Yale-ROSE/Qwen3-4B-dpo_gpt-oss-120b_8k_reasoning_ablation
Yale-ROSE/Qwen3-4B-dpo_gpt-oss-120b_8k_reasoning_ablation is a 4 billion parameter language model, fine-tuned from Qwen/Qwen3-4B by Yale-ROSE. This model utilizes Direct Preference Optimization (DPO) for training, enhancing its ability to align with human preferences. With a context length of 32768 tokens, it is designed for general text generation tasks, particularly benefiting from DPO's alignment capabilities.
Loading preview...
Overview
This model, developed by Yale-ROSE, is a fine-tuned variant of the Qwen3-4B architecture, featuring 4 billion parameters and a substantial 32768-token context window. It has been specifically trained using Direct Preference Optimization (DPO), a method detailed in the paper "Direct Preference Optimization: Your Language Model is Secretly a Reward Model." The training was conducted using the TRL framework, indicating a focus on aligning model outputs with desired human preferences.
Key Capabilities
- Preference Alignment: Enhanced through DPO training, suggesting improved adherence to specified preferences in generated text.

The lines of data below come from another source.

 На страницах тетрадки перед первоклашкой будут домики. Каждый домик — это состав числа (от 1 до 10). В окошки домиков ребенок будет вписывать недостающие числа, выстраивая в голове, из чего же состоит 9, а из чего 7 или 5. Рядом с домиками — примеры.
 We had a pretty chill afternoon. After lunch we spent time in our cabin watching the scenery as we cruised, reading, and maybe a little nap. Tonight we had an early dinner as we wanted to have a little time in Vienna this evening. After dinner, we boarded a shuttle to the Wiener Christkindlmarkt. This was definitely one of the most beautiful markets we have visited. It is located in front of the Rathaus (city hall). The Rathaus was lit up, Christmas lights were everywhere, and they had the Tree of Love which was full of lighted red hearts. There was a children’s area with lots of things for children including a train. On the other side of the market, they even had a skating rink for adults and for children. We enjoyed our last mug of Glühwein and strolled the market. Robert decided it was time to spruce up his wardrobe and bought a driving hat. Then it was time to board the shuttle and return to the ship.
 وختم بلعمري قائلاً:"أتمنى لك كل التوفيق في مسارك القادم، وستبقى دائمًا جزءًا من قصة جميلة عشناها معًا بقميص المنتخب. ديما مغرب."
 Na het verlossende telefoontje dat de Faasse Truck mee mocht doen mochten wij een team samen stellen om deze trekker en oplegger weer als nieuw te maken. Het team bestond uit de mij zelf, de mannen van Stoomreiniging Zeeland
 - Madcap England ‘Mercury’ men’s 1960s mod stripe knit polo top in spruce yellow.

- General Text Generation: Capable of generating responses to a wide array of prompts, as demonstrated by the quick start example.
- Extended Context: Benefits from a 32768-token context length, allowing for processing and generating longer, more coherent texts.
Training Details
The model's training leveraged TRL version 0.23.0, Transformers 4.56.1, Pytorch 2.7.1, Datasets 3.6.0, and Tokenizers 0.22.0. The DPO method aims to directly optimize a language model to act as a reward model, which can lead to more desirable and aligned outputs compared to traditional reinforcement learning from human feedback (RLHF) approaches.
Good For
- Applications requiring models that generate text aligned with specific preferences.
- General conversational AI and text completion tasks where context understanding is crucial.
- Developers interested in exploring the effects of DPO on Qwen3-4B's performance.